The FM BIM model is for the facility managers of the building, not just the ones around when the building is complete, but all future facility managers. This differs from the Design and Construction BIMs which are only useful for a limited time, and therefore can be less rigid as whoever set the model up is still around to ask questions.
An FM BIM model needs to be a static model. A virtual model of what is – not what is to be, (which is what Design BIMs and Construction BIMs are).
The contractor, and sometimes design professionals, role is limited to providing the BIM information they have created for their own purposes. Relevant information is re-purposed from this data to populate the FM BIM model.

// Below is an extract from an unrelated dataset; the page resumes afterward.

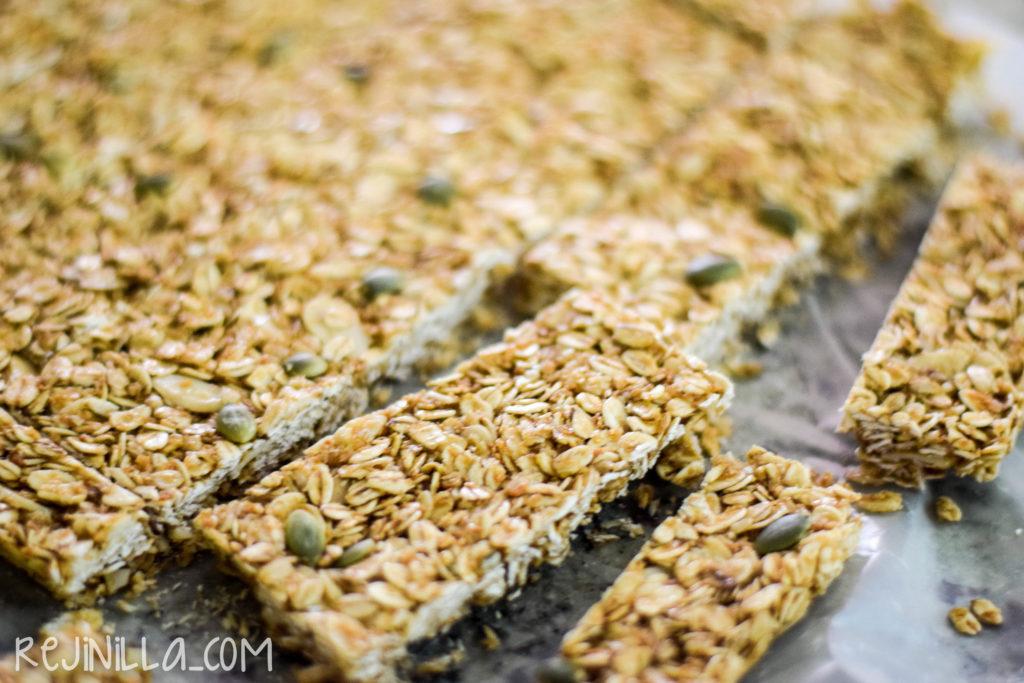 Integra perfectamente. Si quieres, agrega otro tipo de nueces tostadas, fruta seca picada, chispas de chocolate, etc. Yo agregué un puñito de semillas de calabaza. Las barritas son naturalmente libres de gluten, si lo necesitas, asegúrate de usar ingredientes certificados como gluten free (la avena regular puede contener trazas de harina o gluten, la certificada no).

There is information not in the design or construction BIMs that needs to be added to an FM BIM. Maintenance manuals, warrantee information etc. supplied by subcontractors as part of their contracts. This data is generally not required for design or construction so is provided just before, or even after, construction is completed.
Besides removal of redundant data an FM BIM needs to be simplified. There is no point graphically representing something if the FM team have no method to update those graphics. It is better to link lots of text data that can be easily updated to major objects. For example it is easier to change data if the lock data is part of whole door rather than represented by a separately modelled lock that has to be remodelled to reflect the change. Note that many FM BIM systems do not have a method to update graphics, for example systems based on IFC (see my post on IFC).
Timing of the creation of an FM BIM is critical. If it is not created during the last stages of construction so it is ready when the building opens the data provided by the design and construction team may be out of date by the time the FM BIM is usable. For example things like equipment replacements due to failures, or commissioning changes due to things discovered after occupancy. There may be few differences, but without doing a complete audit no-one could tell – which defeats the purpose of using design and construction BIM information in the first place.
The deliverable for FM BIM is an integrated data repository of information required to manage the building (or facility). There is little to gain by having only some information in the FM BIM, its purpose is to unify data to make it easy to find and avoid duplication. There is little point having a whole lot of information that is not needed, or included “in case” it will be required. The more data the more work to keep it all up to date,. The amount of data should be based on the resources available to maintain it, not the amount of data available.
One of the ideals of BIM is to eradicate the work required to re-purpose information for FM uses. But as can be seen by what is involved in Survey, Design and Construction BIMs there is a lot of information not required for FM, and information that is useful is structured for purposes other than FM.
Data from an FM BIM may be useful for future Survey and Design BIMs, but an FM BIM is not adequate to simply become either of those BIMs. To do so would mean carrying and keeping up to date all the extra information those BIMs require for the life of the FM BIM.
BIM is a fantastic technology, it allows us to engage in new, more efficient processes. But it is important to remember it is being driven by individuals harnessing BIM for their own purposes.
If we concentrate on what people are actually doing, supporting each other’s workflows, rather than fantasizing about a Utopian future built around theoretical processes, BIM will come to dominate naturally as the preferred way of working. Without the need for it to be mandated, by government or big business, with the loss of control over our destinies that entails.